Chris and Wendy’s daughter, ADAS crop physiologist Dr Sarah Kendall, says: “Our latest YEN results suggest a number of tweaks we can make to our management to maintain our progress.
“Clearly linked with the crop’s low thousand seed weight, the speed with which it went off in summer on chalk land where water availability is rarely an issue means a greater focus on both rooting and green leaf-preserving agronomy is likely to be valuable.
“Equally, seed analysis highlights phosphate and magnesium nutrition as key areas worth more attention.

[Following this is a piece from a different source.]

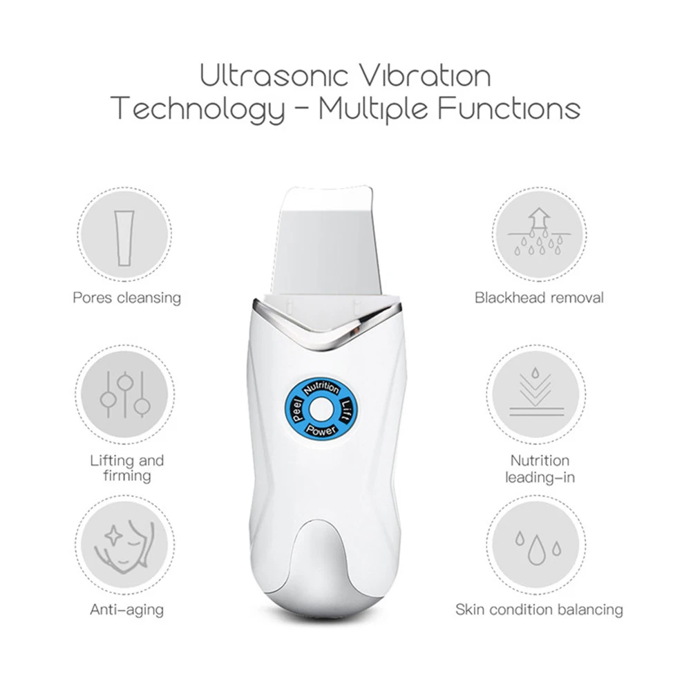 Все-в-1 Скруббер кожи: Это устройство имеет функции ультразвукового отшелушивания, EMS лифта и пленки, ионтофореза, и удаления черных точек и акне. 3 функциональных режима: 1) глубокое очищение; 2) Высокая частая Вибрация проникает в кожу примерно на 3-5 мм глубину, ведущая в питании; 3) улучшает впитывание кожи для защиты от возрастных морщин. Высокотехнологичный микроток EMS: массаж и стимуляция мышц через микроток для восстановления эластичности мышц, лифтинга лица и укрепления. Ионтофорез: импортировать питание глубоко в дно кожи, помогая коже лучше и полностью впитывать эссенцию. Безопасный и USB Перезаряжаемый: Изготовлен из корпуса ABS и медицинской нержавеющей стали для всех цветов и типов кожи. Безопасно и эффективно. Идеальный подарок для ваших друзей, семьи и влюбленных.Спецификация Цвет: черный, белый Наименование: ультразвуковой инструмент для скруббера кожи Выходная мощность: 2 Вт Емкость аккумулятора: 800 мА · ч Время зарядки: около 3 часов Время использования: более 1 часа Входное напряжение: 5 В постоянного тока Материал: АБС + фурнитура

And, although we have to be mindful of the risk of a hard winter on north-facing slopes in particular, we could probably also afford to ease back on sowing rates a little. As well as giving us a more open and potentially more efficient canopy, this may help reduce rooting competition.”
Mr Clark adds: “In addition to making the most of protected phosphate on soils prone to lock-up and extra boron with seedbed fertiliser, we have doubled our use of magnesium this season.
“Early tissue analysis confirms crop levels are low; it costs so little and is so easy to add to our spray programme.
“By including a low rate of metconazole at stem extension we are looking to aid crop structuring and rooting. And we’re exploring azoxystrobin at late flowering for its stay-green value.
“Largely nutritional fine-tuning and the even better Clearfield variety we have in the ground give us high hopes of pushing our OSR performance up another notch in 2021.”
Switching to a Clearfield variety for improved weed control has not compromised OSR performance at Arras Farm.